Another blow to the US housing market

Quick take from me, as I’ve been thoroughly exhausted the past couple days…

1: Another blow to the US housing market, 30 year fixed mortgage rates are quickly approaching 7%. Affordability is getting wrecked and new buyers are likely to remain on the sidelines. Many renters will keep renting and young adults will remain living with their parents.

Moving out used to be a rite of passage for young adults, but things are changing and I think more people will stay with their parents well into their 20s and even 30s. People simply can’t afford to live on their own. Housing – and the middle class lifestyle in general – has become increasingly unaffordable over the years, and recent inflation has only made it worse.

Luckily, houses are getting bigger so there’s plenty of room at mom and dad’s house (second chart below).

2: Many are aware that bonds have performed poorly this year. What many don’t know is bond market volatility (as shown by the MOVE index – second chart below) has skyrocketed.

This level of volatility has historically led to, or coincided with, market crises. Just this week, the Bank of England had to intervene in its bond market (QE) to drive down yields and avoid a pension system collapse.

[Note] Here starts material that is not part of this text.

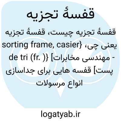 {sorting frame, casier de tri (fr. )} [مهندسی مخابرات - پست] قفسه هایی برای جداسازی انواع مرسولات پُستی، متناسب با ابعاد آنها

“If there was no intervention today, gilt yields could have gone up to 7-8 per cent from 4.5 per cent this morning and in that situation around 90 per cent of UK pension funds would have run out of collateral,” said Kerrin Rosenberg, Cardano Investment chief executive. “They would have been wiped out.”

Many pundits have highlighted the contradictory nature of the Bank of England’s intervention, given its recent efforts to calm inflation. Yet, many have entirely missed the reason why they made this rapid reversal of policy. The UK came close to financial crisis this week.

The situation in the UK demonstrates how central banks are attempting to balance two forms of financial disorder: inflation and market stability.